Super Failure By Supercommittee

The USD remains a clear beneficiary in the ‘risk off’ environment enveloping markets at present. Indeed as reflected in the latest jump in USD (IMM) speculative positioning the market is turning increasingly to the USD at a time of intense stress. Moreover, the run of better economic data over recent weeks including October existing home sales yesterday points to less need for further Fed quantitative easing, which comes as further relief to the USD.

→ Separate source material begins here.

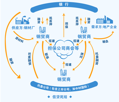 到底发生了什么?我们要说一下2008年之后盛极一时的钢贸业务,2008年全球经济危机之后,我国开启了4万亿投资计划,全国大兴基建,如火如荼,钢材贸易升温,钢材贸易是一个资金密集型业务,而且需要囤货,东南沿海地区钢贸商基本都是民营企业,典型的融资模式是来自于福建周宁商人的上海周宁模式,这个模式是5户联保+动产质押+担保机构担保,来向金融机构融资,杠杆很高,泡沫逐渐形成。后来,中国铁物这样的国企央企也参与了进来,他们这种模式被称为托盘业务,凭借着自己央企的信用背书,从银行、债券市场获得低成本资金,托盘的模式是先帮助钢贸商支付货款,相当于帮助钢贸商支付货款,钢材放在第三方仓库进行监管,货权暂归国企,一段时间后,钢贸商通过加付一定的利息偿还资金后,拿回钢材货权。实际上就是为中小钢贸上提供高息的过桥融资。说白了,公司扮演的,就是影子银行的角色。既不占有资源,也不占有客户,又没有银行的风控体系和能力。问题也就出在了这里,2010年国家房地产调控政策的出台,钢铁行业的产能过剩导致钢材价格急转直下,钢贸上资金链断裂,宁愿不要钢材也不会偿还托盘借款,再加上,大量钢贸上存在重复质押、空单质押、资金挪用到高利贷和房地产等地方,钢贸商本身面临着很大的财务压力,整个钢贸行业发生了非常严重的危机。自2011年起,长三角地区爆发钢贸企业集中大面积违约,据统计,截至2013年底,全国钢贸贷款敞口约为1.5万亿元,2011年上海地区最早泡沫破裂,广东、福建、山东等地也是钢贸重灾区。不仅是中小企业风险上升,大型企业集团风险也在暴露。真正主力在大型国有企业,信贷敞口大约在5000-1万亿。

Further information on this front will be revealed in the Federal Reserve FOMC minutes on Wednesday, with the Fed set to keep the option open. Even the lack of agreement by the US Congressional Supercommittee on a deal to cut the US budget deficit by $1.2 trillion has failed to dent the USD’s progress as the failure of deficit talks was largely expected. Further USD gains are likely but the pace of its upside move will slow.

Although sentiment towards the Eurozone has deteriorated further EUR/USD is just about clinging onto the 1.3500 level despite several forays lower. More active European Central Bank (ECB) bond buying likely helped dampen some bearishness on the currency although reports suggest that the central bank has imposed a limit of EUR 20 billion on such purchases.

The EUR is not being helped however, by ongoing rumblings of a EUR break up despite Greek Prime Minister Papademos attempting to downplay talk of a Greek EUR exit. A meeting today between Italian Prime Minister Monti and EU officials will be in focus, with markets looking to see further signs of commitment to reforms. We expect no let up in pressure on the EUR, though further declines are likely to be slower, with last week’s low around 1.3420 providing short term support.

GPB has been an underperformer, with the currency on the path for a re-test of the 6 October low around 1.5272. News this week will not be helpful for the currency, with potentially dovish Bank of England monetary policy committee (MPC) minutes likely to inflict further damage, with support from the MPC for more QE set to be revealed.

Ahead of the minutes, UK public finances data today will not make for attractive reading just over a week away from UK Chancellor Osborne’s Autumn statement, which will likely reveal a downward revision to growth forecasts and an upward revision to deficit forecasts. GBP has even lost ground against the beleaguered EUR although we continue to believe that the overall trend will continue to be lower for EUR/GBP over coming weeks.